### What needs to be done
Within the listing below, the lines to output run from the one containing "Okay, what else" through the one containing "Vintage Anchor Hocking"; copy them exactly and nothing else.

### Listed entries
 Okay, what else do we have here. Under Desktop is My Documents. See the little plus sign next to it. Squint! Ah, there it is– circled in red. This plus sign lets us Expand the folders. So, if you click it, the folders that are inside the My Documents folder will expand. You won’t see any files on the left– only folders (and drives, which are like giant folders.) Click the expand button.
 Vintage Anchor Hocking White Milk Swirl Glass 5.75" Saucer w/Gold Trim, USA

* * *

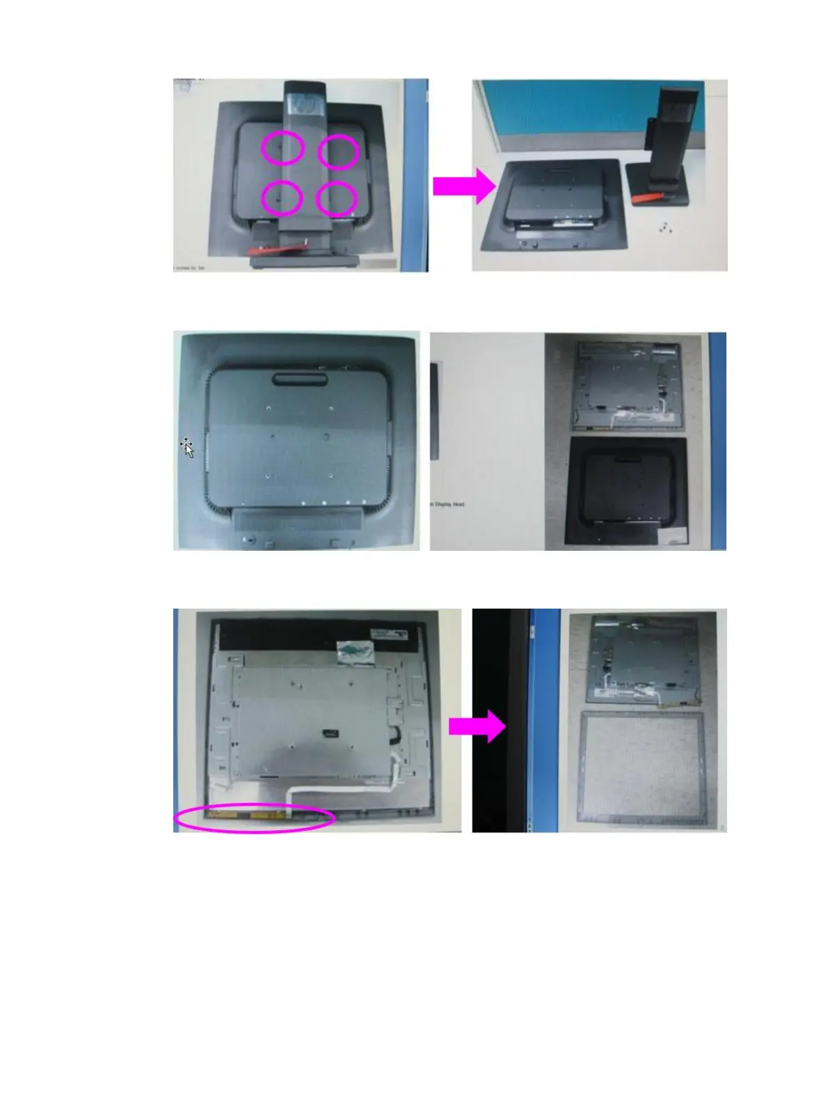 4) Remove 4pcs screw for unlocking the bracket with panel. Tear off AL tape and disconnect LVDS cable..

### Exercise response
 Okay, what else do we have here. Under Desktop is My Documents. See the little plus sign next to it. Squint! Ah, there it is– circled in red. This plus sign lets us Expand the folders. So, if you click it, the folders that are inside the My Documents folder will expand. You won’t see any files on the left– only folders (and drives, which are like giant folders.) Click the expand button.
 Vintage Anchor Hocking White Milk Swirl Glass 5.75" Saucer w/Gold Trim, USA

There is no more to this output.